1. Systemic anti-cancer therapy, such as chemotherapy, or biological therapy,
immunomodulatory drug therapy, received within the past 28 days or 5 half-lives,
whichever is shorter, from the Cycle 1 Day 1 of the study. Concomitant use of
prednisone or medroxyprogesterone is allowed. In Part 1, Patients with CRPC (castrate
resistant prostate cancer) should continue to receive ongoing medical castration with
LHRH analogues, and such patients are allowed.

2. Acute promyelocytic leukemia (AML M3 subtype).

3. Patients eligible for intensive chemotherapy for AML (such as the 3 + 7 regimen).

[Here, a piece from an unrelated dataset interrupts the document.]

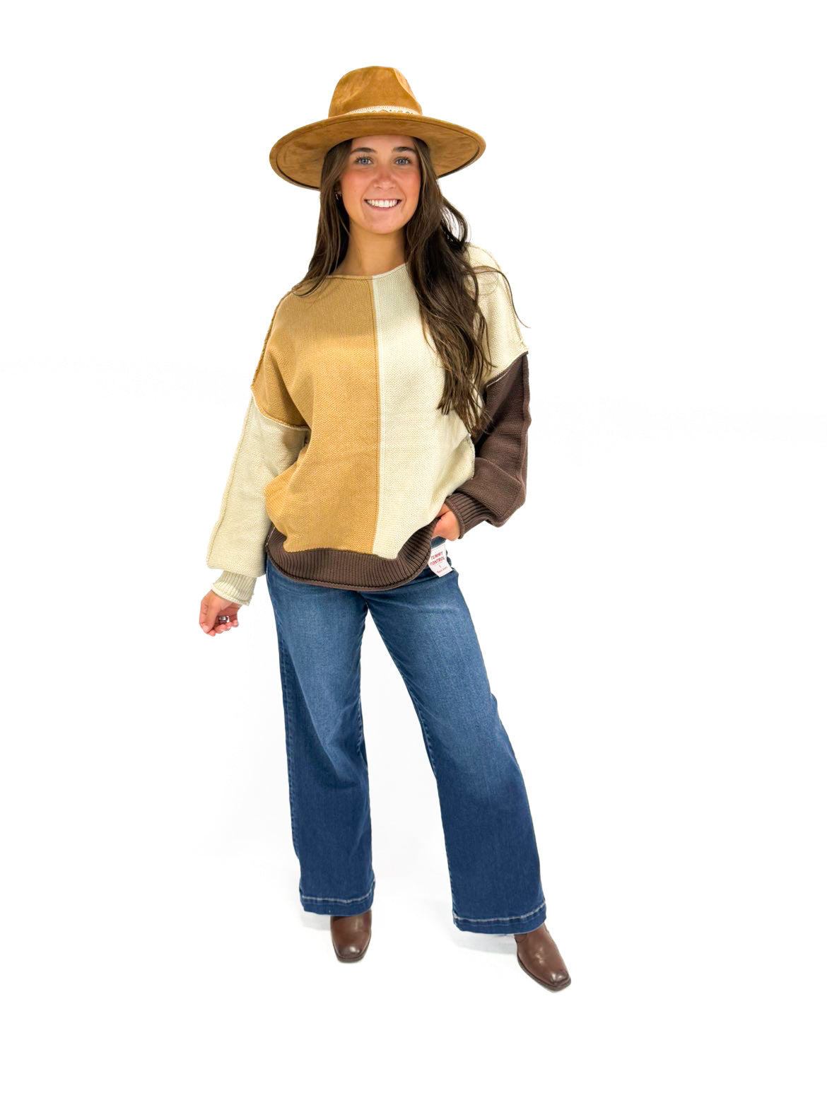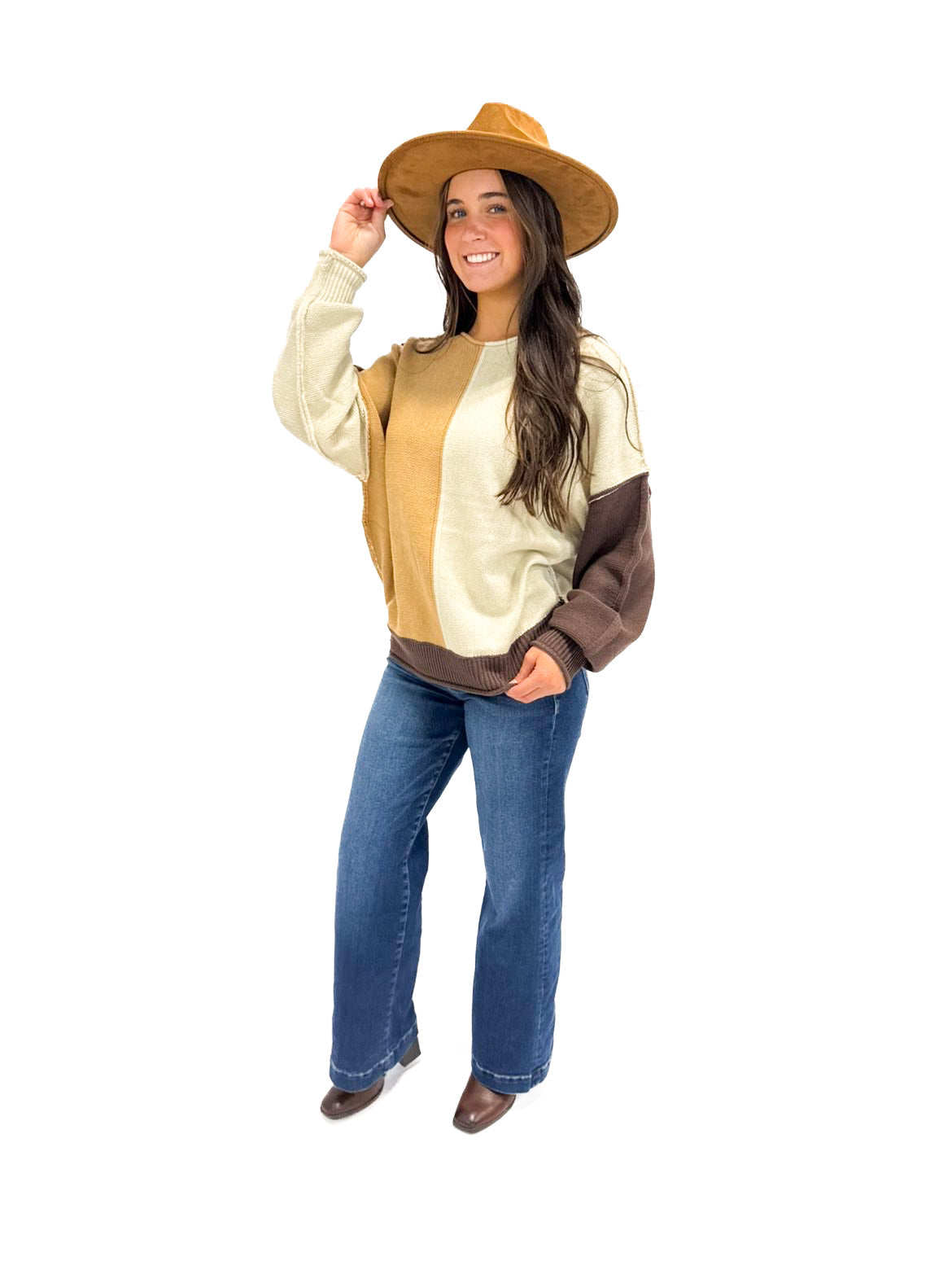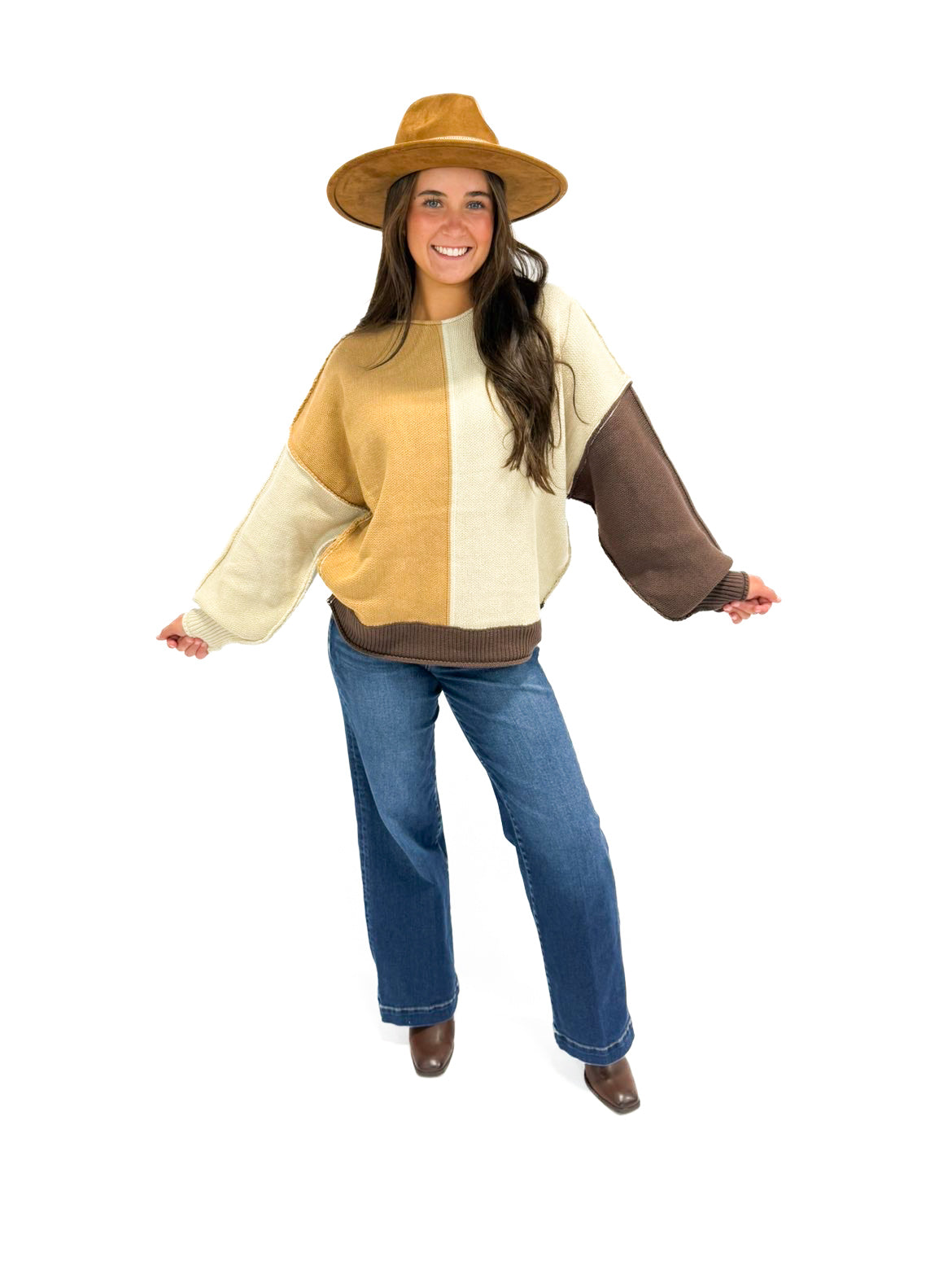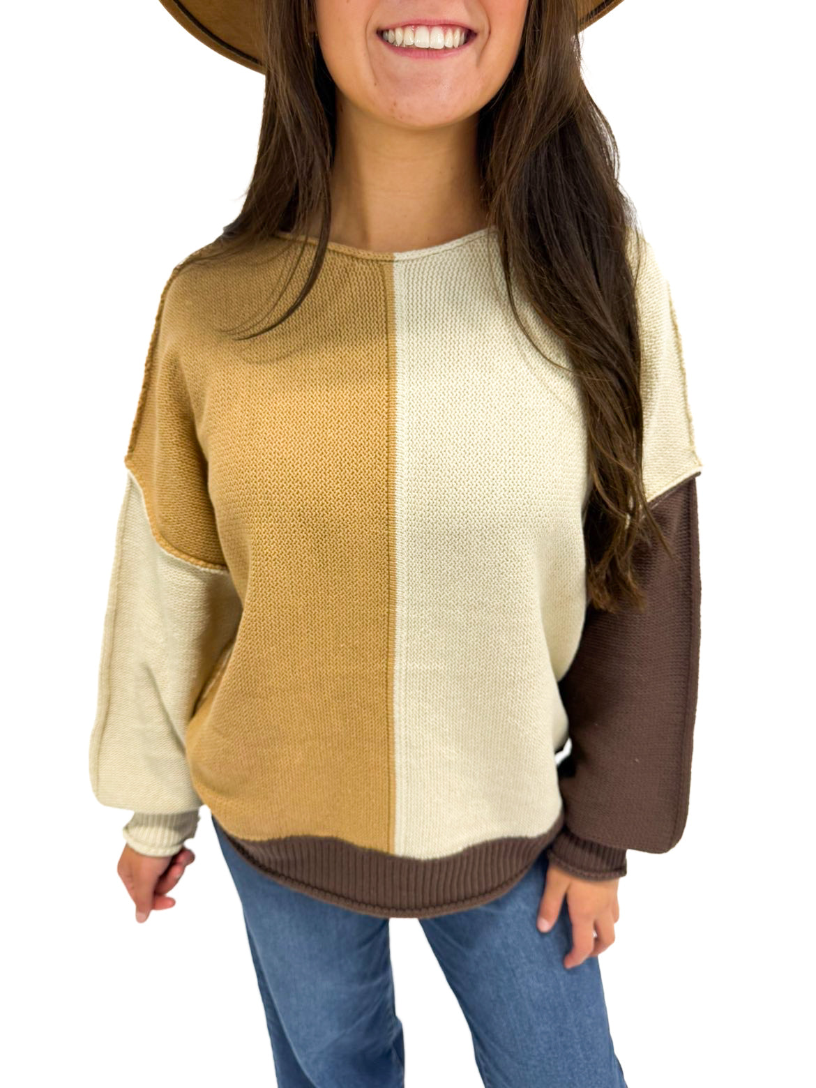 - Featuring bold, contrasting panels that mix warm autumn hues, it's the perfect layering piece for cozy gatherings and casual days.
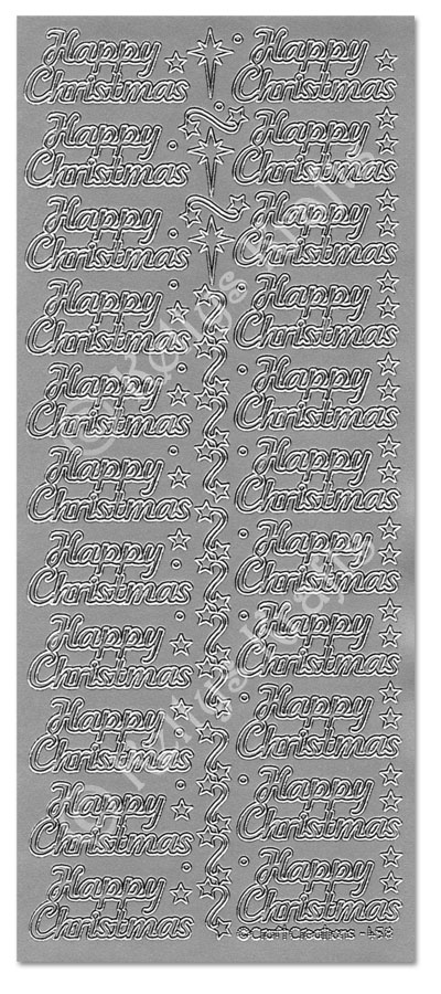 Happy Christmas, Silver Peel Off Stickers (1 sheet)

4. CML in blast crisis (i.e., patients with known bcr-abl positive disease).

5. Presence of an acute or chronic toxicity resulting from prior anti cancer treatment,
with the exception of alopecia or nail changes, that has not resolved to Grade Less
than 1, as determined by NCI CTCAE v 5.0 (Appendix G).

6. Definitive Radiotherapy within the last 21 days of Cycle 1 Day 1 (limited field
palliative radiation is allowed and no restrictions during the screening period or
during the trial).

7. Use of any investigational agent within 28 days or 5 half-lives (whichever is shorter)
prior to Cycle 1 Day 1.

8. Known symptomatic or untreated or recently treated (Less than 6 months of screening)
central nervous system (CNS) metastases or CNS lymphoma or CNS leukemia. Patients with
previously treated (greater than 6 months of screening) CNS metastases or CNS lymphoma
or CNS leukemia and are now stable and asymptomatic, from CNS perspective, are
allowed.

9. Major surgery Less than 28 days from Cycle 1 Day 1 (major surgery is defined as a
procedure requiring general anesthesia).

10. Known to be human immunodeficiency virus (HIV) positive or have an acquired
immunodeficiency syndrome-related illness.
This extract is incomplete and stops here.